Moreover, a new de novo transcriptome assembler, Bridger (version: r2014-12-01), was also used for assembly in our study (Chang et al., 2015). Compared with Trinity, more unigenes (93,451) with longer average length (1131 bp) and N50 length (1835 bp) were obtained by Bridger (Table 1). The sequences of all unigenes assembled by Bridger are shown in Data Sheet 3. Bridger can assemble more full-length reference transcripts, and reducing false positive transcripts in comparison with the state-of-the-art assemblers (Chang et al., 2015). Our results also indicated that Bridger is better than Trinity in transcriptome assembly in non-model plant, and the unigenes with longer average length will be helpful in cloning the full-length of cDNA and functional characterization of the genes. Nevertheless, Trinity is also a good assembler for transcriptome assembly from RNA-seq data without a reference genome (Grabherr et al., 2011; Bankar et al., 2015); the assembled results of Trinity are used for further analysis in this study.

To evaluate the quality and coverage of the assembled unigenes, all usable sequencing reads were realigned to the unigenes using SOAPaligner (Li et al., 2008), allowing up to 2 base mismatches. The sequencing depth ranged from 0.025 to 52,968-fold, with an average of 31.96-fold. About 62.17% of the unigenes were realigned by more than 10 reads, 22.87% were supported by more than 100 reads and 5.04% were supported by more than 1000 reads (Data Sheet 1: Figure S2). To assess the extent of transcript coverage provided by unigenes and to evaluate how coverage depth affected unigenes assembly, we plotted the ratio of assembled unigene length to Oryza sativa ortholog length against coverage depth (Data Sheet 1: Figure S3A). Although many of deeply covered P. ternata unigenes failed to cover the complete coding regions of their O. sativa orthologs, our unigenes covered most O. sativa ortholog coding regions. In our study, 2206 unigenes had ratios greater than 1, and 18,913 unigenes had ratios less than 1. Of note, to certain extent, increased coverage depth can result in higher coverage of the coding regions. The percentage of O. sativa ortholog coding sequences covered by all P. ternata unigenes was also measured and 3195 of the orthologs were covered by more than 80% of the unigenes and 2285 of the orthologs were covered by 40–80% of the unigenes. Around 45% of the orthologs were covered by only 20% or less (Data Sheet 1: Figure S3B) indicating that additional sequencing is essential for a more comprehensive coverage of the transcriptome of P. ternata.

Functional annotation

To provide putative annotations of the assembled unigenes, all of the unigenes was subjected to a BLASTN search against the public protein databases (NR, Swiss-Prot, KEGG, COG) with E < 10⁻⁵. The unigenes were also searched against the Arabidopsis TAIR10 peptide database using the BLASTX algorithm with E < 10⁻⁵. Using this approach, ~53.33% of unigenes (47,504) were annotated in the five public databases (Data Sheet 1: Table S3).

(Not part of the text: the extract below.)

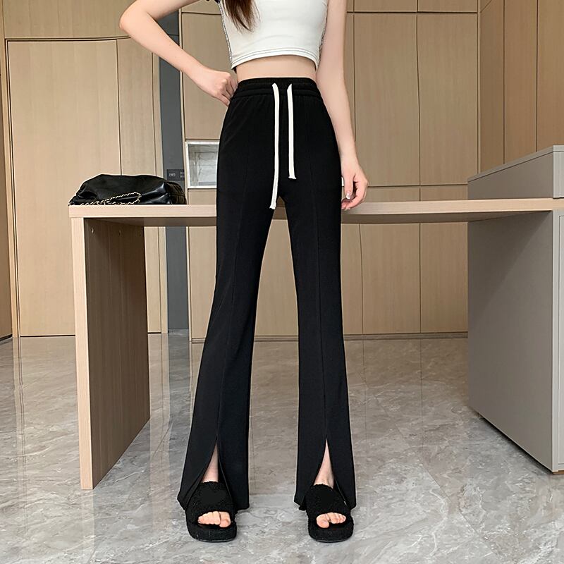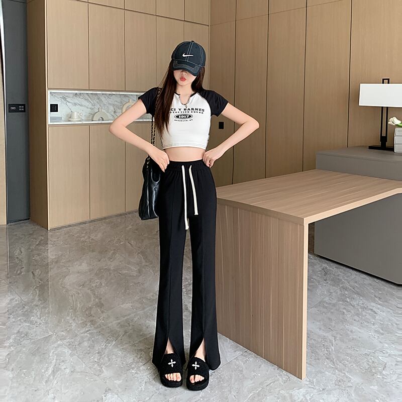大きいサイズの婦人服 2023 夏服の新しいスタイルのファット シスター ハイ ウエスト 痩身 カジュアル ドレープ スリット デザイン ワイドレッグ パンツ ハイウェスト 大きめサイズ サマー 夏物 8884157451427076

Among them, 4248 unigenes had significant matches in all five databases, 9753 unigenes annotated uniquely in NR database, 182 unigenes annotated uniquely in Swiss-Prot database, 8 unigenes annotated uniquely in COG database, 46 unigenes annotated uniquely in KEGG database, and there were no unigenes annotated uniquely in TAIR10 database (Data Sheet 1: Figure S4). The annotations of unigenes in all five databases are shown in Data Sheet 4.

Previous studies indicate that the longer sequences were more likely to obtain BLAST matches in the protein databases (Wang et al., 2010; Li et al., 2012; Liu et al., 2013), and this assumption was validated by our data which indicated that more than 83% of the unigenes larger than 1000 bp in length had BLAST matches in NR and Swiss-Prot protein databases. In contrast, only ~30% of unigenes shorter than 500 bp did (Data Sheet 1: Figure S5). The E-value distribution of the top hits in the NR database revealed that 46.11% of the mapped sequences had significant homology (E < 1e⁻⁵⁰), and 17.80% of the sequences with greater than 80% similarity were found (Data Sheet 1: Figures S6A,C). The E-value and similarity distributions of the top hits in the Swiss-Prot database had comparable patterns with 36.41 and 15% of the sequences possessing significant homology and similarity, respectively (Data Sheet 1: Figures S6B,D). Our results also indicated that 35.79% of the unigenes had significant homology with sequences of Vitis vinifera (9011, 19.07%), followed by Theobroma cacao (6824, 14.44%), O. sativa (6158, 13.03%), and Setaria italica (3124, 6.61%) (Data Sheet 1: Figure S7). This suggests that the genome of P. ternata is more closely related to V. vinifera than to other model plant genomes.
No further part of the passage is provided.